Why ‘big merger’ faces a big hurdleRelatively large ownership by a single entity is a potential roadblock to mergers and acquisitions.
Talks of mergers and acquisitions among Nepali banks has been on the rise in recent weeks. The latest Monetary Policy lays down measures meant to encourage banks to merge. By mid-July next year, commercial banks are required to maintain an average interest rate spread (the difference between rates on loans and deposits) of 4.4 percent from the current 4.5 percent; banks that complete mergers and acquisitions by that time will get a one-year extension. Also, by mid-July next year, commercial banks are required to float at least 25 percent of their paid-up capital in debentures; banks that decide to tie the knot by that deadline will get a one-year reprieve. A merged bank also does not have to seek Nepal Rastra Bank's approval to open new branches. Currently, the board of directors, CEOs and deputy CEOs are required to abide by a cooling-off period of six months during which they cannot join another bank. This restriction will not apply to executives of a merged bank.
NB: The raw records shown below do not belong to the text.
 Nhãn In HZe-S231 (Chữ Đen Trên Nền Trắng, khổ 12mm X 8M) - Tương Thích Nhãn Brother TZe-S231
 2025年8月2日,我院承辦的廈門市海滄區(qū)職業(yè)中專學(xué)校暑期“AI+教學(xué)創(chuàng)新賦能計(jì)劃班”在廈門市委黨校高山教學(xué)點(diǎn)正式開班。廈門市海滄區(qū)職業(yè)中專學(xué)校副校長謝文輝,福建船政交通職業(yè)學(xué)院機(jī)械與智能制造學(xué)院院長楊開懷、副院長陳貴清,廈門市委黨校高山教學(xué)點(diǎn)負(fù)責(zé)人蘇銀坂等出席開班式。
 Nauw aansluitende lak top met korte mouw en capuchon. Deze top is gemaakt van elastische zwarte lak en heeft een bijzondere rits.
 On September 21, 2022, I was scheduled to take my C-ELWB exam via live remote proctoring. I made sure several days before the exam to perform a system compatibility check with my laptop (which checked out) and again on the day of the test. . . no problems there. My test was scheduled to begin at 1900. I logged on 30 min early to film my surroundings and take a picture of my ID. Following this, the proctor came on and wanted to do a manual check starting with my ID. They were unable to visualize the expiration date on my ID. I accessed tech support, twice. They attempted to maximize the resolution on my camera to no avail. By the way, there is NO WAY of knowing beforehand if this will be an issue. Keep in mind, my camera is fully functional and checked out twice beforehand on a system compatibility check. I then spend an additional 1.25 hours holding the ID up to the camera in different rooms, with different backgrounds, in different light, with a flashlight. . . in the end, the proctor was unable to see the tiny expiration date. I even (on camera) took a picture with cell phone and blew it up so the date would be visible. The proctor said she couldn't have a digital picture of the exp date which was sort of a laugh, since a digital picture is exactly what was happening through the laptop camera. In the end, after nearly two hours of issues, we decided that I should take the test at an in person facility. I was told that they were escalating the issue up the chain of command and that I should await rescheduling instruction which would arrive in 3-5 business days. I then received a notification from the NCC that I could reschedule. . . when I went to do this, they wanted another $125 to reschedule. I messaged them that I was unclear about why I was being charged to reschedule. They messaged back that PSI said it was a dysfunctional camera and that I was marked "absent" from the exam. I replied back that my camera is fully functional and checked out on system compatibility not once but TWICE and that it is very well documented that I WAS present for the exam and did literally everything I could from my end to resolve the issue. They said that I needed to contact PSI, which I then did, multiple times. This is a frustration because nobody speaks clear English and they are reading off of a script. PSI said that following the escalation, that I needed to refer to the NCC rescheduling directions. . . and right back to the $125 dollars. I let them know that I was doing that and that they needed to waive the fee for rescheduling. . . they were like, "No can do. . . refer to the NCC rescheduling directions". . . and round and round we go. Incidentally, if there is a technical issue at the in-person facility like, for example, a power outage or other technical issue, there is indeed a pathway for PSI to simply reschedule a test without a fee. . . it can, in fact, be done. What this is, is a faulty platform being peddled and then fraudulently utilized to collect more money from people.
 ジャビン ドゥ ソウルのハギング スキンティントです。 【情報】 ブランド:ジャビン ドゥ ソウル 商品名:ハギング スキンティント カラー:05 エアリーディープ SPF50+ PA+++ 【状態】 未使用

The argument for mergers and acquisitions goes something like this. There are just too many banks and financial institutions in Nepal. As of mid-June, there were 28 commercial banks (Class A), 32 development banks (Class B), 24 finance companies (Class C) and 91 micro-credit companies (Class D). Conceivably, larger banks should be able to fund large infrastructure projects individually. The existence of larger Nepali banks could also make it easier for them to branch into India. Bigger Nepali banks will be able to compete with foreign banks better on Nepali soil. These are all valid reasons. But how many is too many?
The history of competitive Nepali banking is brief. Formal banking began 80 years ago when Nepal Bank Limited was established in 1937. It was not until the 1980s and 90s that private entities entered the sector. Here is the rub. Of the 28, 14 were founded this century, meaning they are less than 20 years old. In other words, a good majority of the 28 have not witnessed enough cycles.
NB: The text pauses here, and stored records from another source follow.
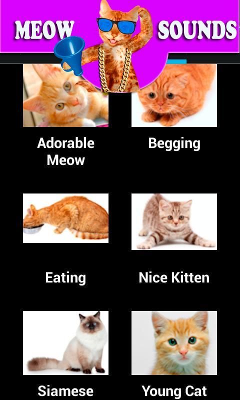 Beberapa Cat Sounds termasuk suara Talking Cat, Cat Marah, Hungry Cat, Cat mendengkur, Cat Meow, Kucing Mad, Lucu Cat, Happy Cat, Cat Konyol, Dua Kucing berkelahi, Cat Roar, Kitten Suara, Frustrasi Cat Meow, Kucing berteriak, Kucing Memohon tuannya, Cat Mendesis, Kucing Meminta pangan, Kucing di Fighting, Aging Cat suara, Adorable Meow dari kucing, Cat Mengemis untuk memberikan yang Cat food, Cat makan makanan kucing, A Nice Kitten Sound, Cat Siam Breed Suara Young tumbuh Cat Sound, Cat House Suara, Kucing makan, Cat Persia dan banyak lagi.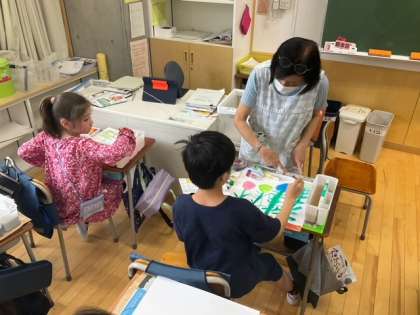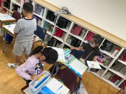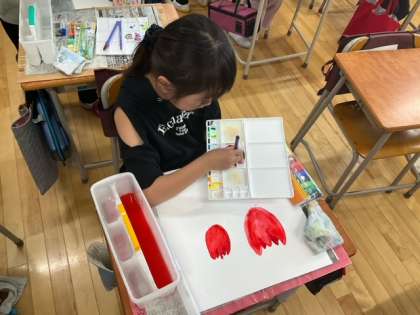 図工の時間です。「すてきな色で すてきな花を」絵の具と水のハーモニーを楽しんでいます。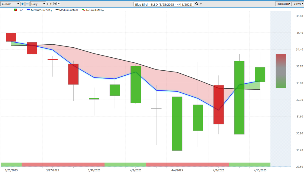 Now to **Blue Bird ($BLBD)**. It’s interesting because it’s been on my radar. Recently, the blue line crossed below the black line, and the neural index turned bearish. There’s been a lot of noise in this forecast, but some conditions are starting to reverse. So while many stocks like **Las Vegas Sands** and **Xerox** are still in downtrends, some stocks like **Blue Bird** are starting to pivot.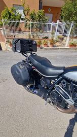 Ducati Scrambler 800 cc. Modello Icon allestimento Dark Febbraio 2022 km 9700 Scarico racing con centralina originale race e mappatura specifica. Istallato in officina ufficiale. Scarico di serie usato solo per 1000 km in dotazione. Porta pacchi originale con borsa morbida waterprof. Borse semirigide dedicate, con telaietti e fodere antipioggia. Borsa da serbatoio, originale, con istallazione a magnete e fodera antipioggia. Porta cellulare a manubrio dedicato. Cupolino Trasparente dedicato. Borsello a telaio porta lucchetto. Connettore per mantenitore batteria. Sella ribassata confort. Gomme al 70% Fascia protegi serbatoio in resina. Tagliando annuale effettuato a febbraio 2026 a 9600 km. Revisione effettuata a febbraio 2026 valida fino a febbraio 2028. Moto tenuta sempre in garage al chiuso, priva di graffi o danni anche lievi. Non interessano permute o scambi. Prezzo minimo non trattabile.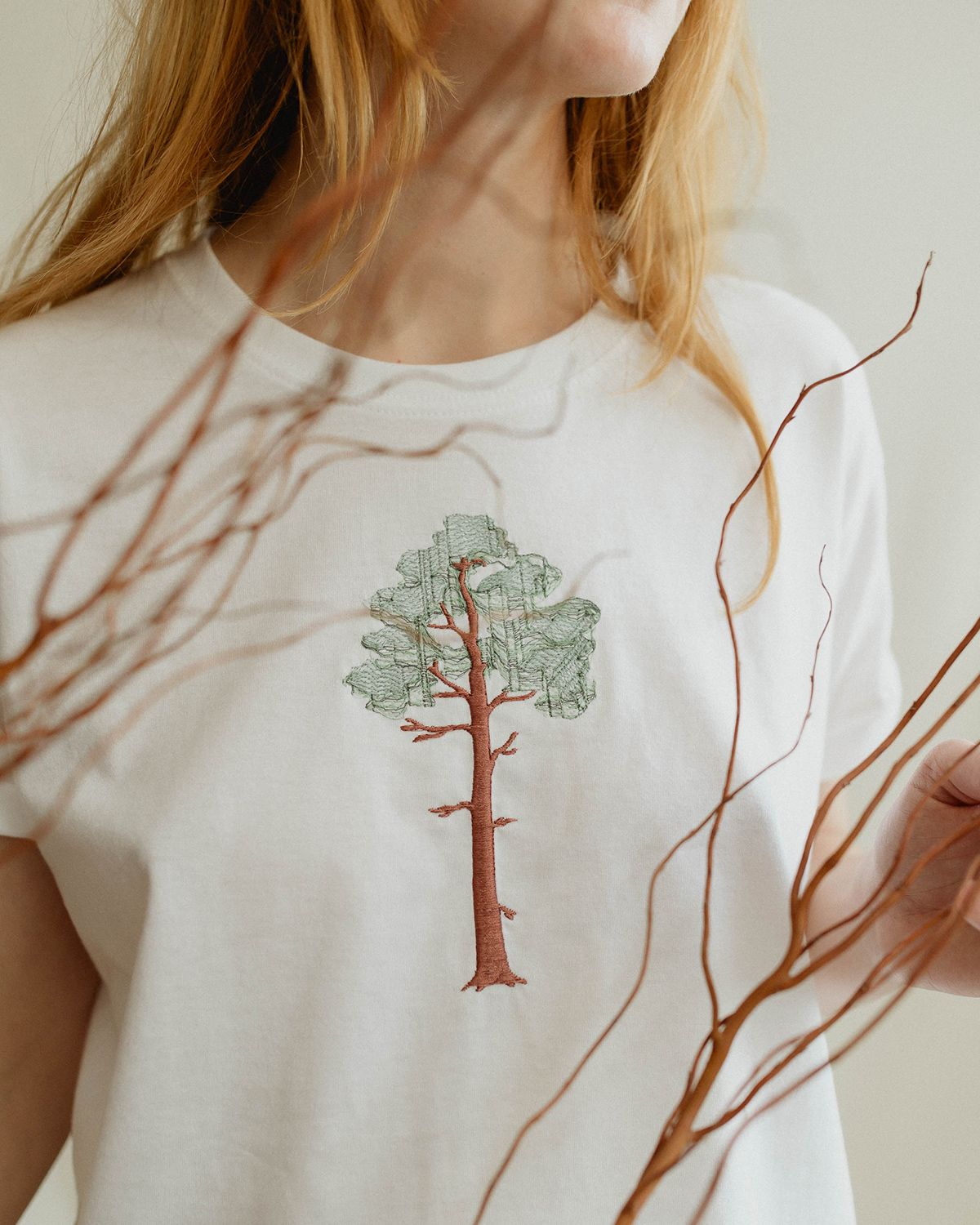 Materialul este bumbac 100%, moale și plăcut pielii. Mânecile sunt cusute cu atenție, iar pe interior, zona broderiei are o căptușeală fină, astfel încât desenul să nu irite și contactul cu pielea să fie cât mai confortabil. Albul țesăturii funcționează ca o bază neutră, scoțând în evidență liniile plantei brodate.

It helps if one has been through cycles—both up and down. It is in a down cycle when the wheat gets separated from the chaff. This is the perfect time for the strong to be on the lookout for cheap assets to merge with or acquire. In Class C, for instance, 10 percent of the total loan portfolio was non-performing as of mid-June, versus 1.7 percent for Class A and 1.1 percent for Class B. Just using this metric, Class C is not faring well. However, they are nothing in size compared to their A and B peers. Acquiring Class C outfits should be a walk in the park for Class A institutions. But this will not help the commercial banks bulk up. To achieve that goal, they have to merge with each other.
In early July, Global IME Bank and Janata Bank—both Class A institutions—signed a memorandum of understanding to merge. A few days later, Citizens Bank (Class A) agreed to acquire Sahayogi Bikas Bank (Class B). Nepal Rastra Bank would love a virtuous cycle to begin. The reality, however, is a bit different. First and foremost, commercial banks are profitable. Loan demand far supersedes deposit collection. They are more than earning their cost of capital. In an environment like this, there is no urgency to consolidate through economies of scale or lower cost structures.
Big not necessarily better
Relatedly, in 2015, while announcing the 2015-16 Monetary Policy, Nepal Rastra Bank gave commercial banks two years to raise their paid-up capital from Rs2 billion to Rs8 billion, hoping this would set in motion a merger and acquisition cycle. Banks did bulk up, but by issuing rights and bonus shares. Since commercial banks now are more or less the same size, in all likelihood a new bank results from a merger of equals. This means that there is no strategic lever to push a merger or acquisition.
Of the 25 privately owned commercial banks, Nepal SBI Bank is 55 percent owned by the State Bank of India. The Standard Chartered Group owns 70.2 percent of Standard Chartered Bank Nepal. Punjab National Bank holds a 20 percent equity stake in Everest Bank. FMO of the Netherlands holds 17 percent of NMB Bank shares. Nepal Bangladesh Bank was established as a joint venture with IFIC Bank of Bangladesh, where the latter holds three of six board seats.
Relatively large ownership by a single entity is a potential roadblock to mergers and acquisitions, as more often than not such large players would like to maintain control or influence. This also applies to banks in which an individual or a family or a group of like-minded people own a significant chunk. It will be a miracle if Nabil Bank (Chaudhary Group) and Laxmi Bank (Khetan Group) merge. In the unlikely event that more banks follow in the footsteps of Global IME/Janata in the months to come, they will be fewer in number but much larger in size. In this scenario, if in due course a large bank goes belly up and the government steps in to save depositors, it is the taxpayers who will end up footing the bill. Big is not always better, particularly not if the merger and acquisition initiative is taken not to fulfil market demands but to fulfil the regulator’s wishes.